#### WORK ORDER
Every line from the start of the data through the line containing "Darf ich den" should be retyped exactly; the pictures should not.

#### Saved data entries
*** Begin section ***
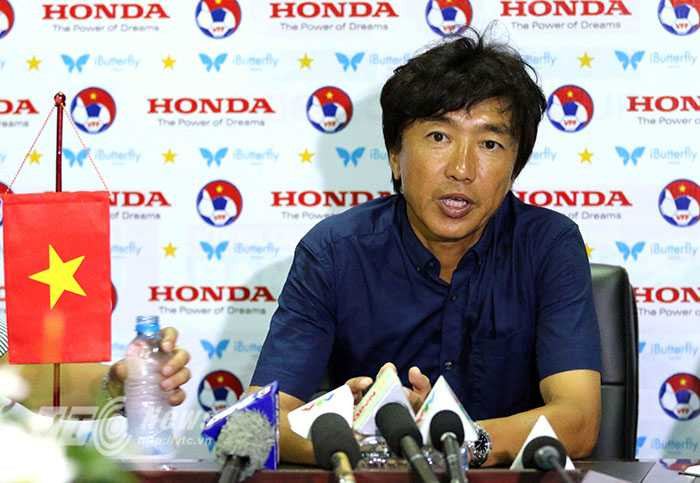 | Thầy Nhật trong buổi họp báo trận giao hữu với Hong Kong (Ảnh: Quang Minh) |
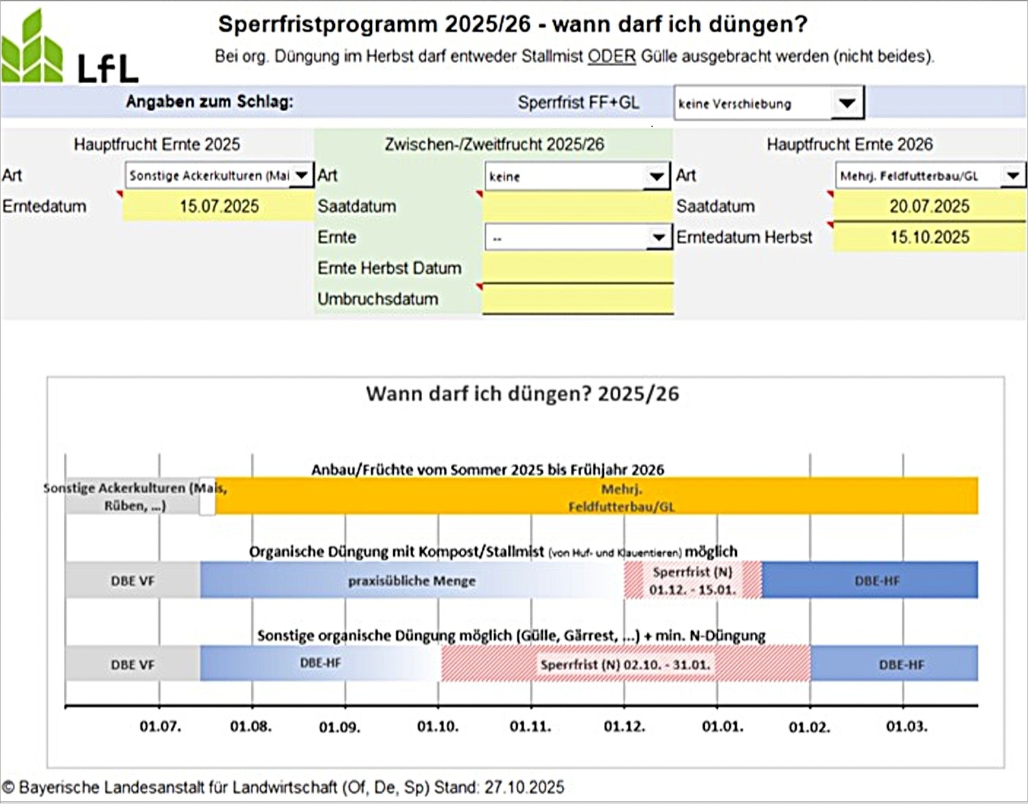 Darf ich den mehrjährigen Feldfutterbau, der im Herbst 2025 gesät wird und mindestens zwei Jahre auf der Fläche stehen bleibt, im Herbst düngen, wenn im Herbst noch eine Nutzung erfolgt? Die Sperrfrist wurde nicht verschoben.
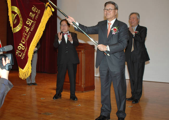 박창일(65) 전 연세대 의료원장이 건양대 의무부총장 겸 제7대 의료원장으로 공식 취임했다.건양대병원은 21일 대전캠퍼스 명곡홀에서 김희수 총장을 비롯한 교직원과 송 자 전 연세대 총장, 자유선진당 변웅전 의원, 최병렬 전 서울시장 등이 참석한 가운데 의료원장 이.취임식을 가졌다.박 신임 의료원장은 이날 취임사를 통해 “최고의 의료서비스를 제공해 적어도 중부 지역의 환자들이 굳이 서울의 큰 병원으로 찾아갈 필요가 없도록 하겠다”며 "오는 2020년까지 건양대병원을 전국 베스트 10 병원으로 성장시키도록 노력하겠다”고 말했다.박 원장은 이를 위해 병원 경영과 진료 분야에서 최적의 시스템 기반을 만들고 JCI(국제의료기관평가위원회) 인증도 박차를 가할 계획이다. 이와 함께 행복한 직장 분위기 조성에도 만전을 기한다는 방침이다.건양대병원 인근 진잠 출신인 송 자 전 연세대 총장은 이날 축사에서 “원스톱이 아닌 논스톱서비스를 구현하는 찾아가는 병원상을 구현해달라"고 당부한 뒤 "의료 특화를 통해 전세계의 모든 이가 찾는 건양대병원이 되겠다는 비전을 실현하길 바란다”고 말했다.재활의학을 전공한 박 원장은 2006년 아시아 대륙 의사로는 처음으로 세계재활의학회(ISPRM) 회장을 지내는 등 재활의학분야의 발전을 이끌어 온 최고 권위자다. 연세대의료원장으로 재직하던 2009년에는 김대중 전 대통령 서거 브리핑을 맡아 국내뿐 아니라 세계 언론의 집중조명을 받기도 했다.건양대 의료원은 하영일 전 의료원장에게 특별공로패를 수여했다.
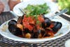 Having finished the mussels clean (this starter is big enough for two to share, or good for a meal in itself), we dutifully wiped our saucy lips clean of garlic and tomato—lunch was coming!
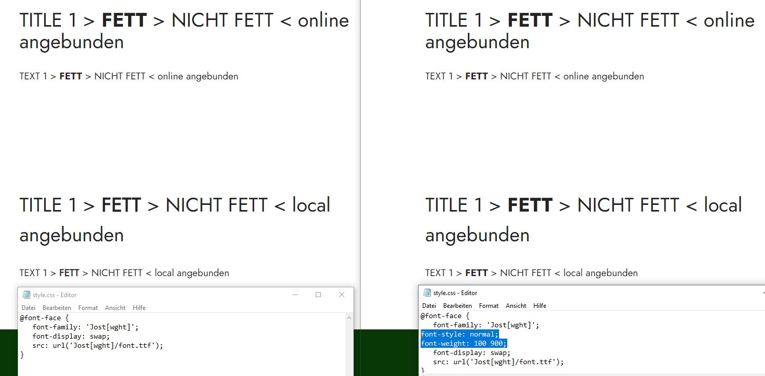 ... ich habe eben mal mein Tutorial, zu der ursprünglichen Idee von Dir zu der Verwendung der gesamten Font-Weights einer Google-Schrift in lokale Verweise zu ändern, nun fertig geschrieben:
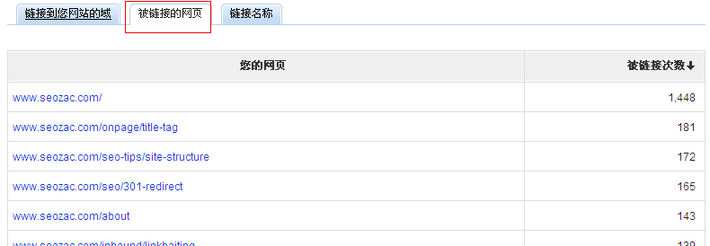 而且上图中的来源网址还可以直接点击查看,直接了解这些来源页面用对应的锚文本分别指向seozac博客的哪些页面,或者通过下图概括性的查看seozac给自己的博客的哪些页面做了外链。
*** End section ***
#### SOLVED EXERCISE
 | Thầy Nhật trong buổi họp báo trận giao hữu với Hong Kong (Ảnh: Quang Minh) |
 Darf ich den mehrjährigen Feldfutterbau, der im Herbst 2025 gesät wird und mindestens zwei Jahre auf der Fläche stehen bleibt, im Herbst düngen, wenn im Herbst noch eine Nutzung erfolgt? Die Sperrfrist wurde nicht verschoben.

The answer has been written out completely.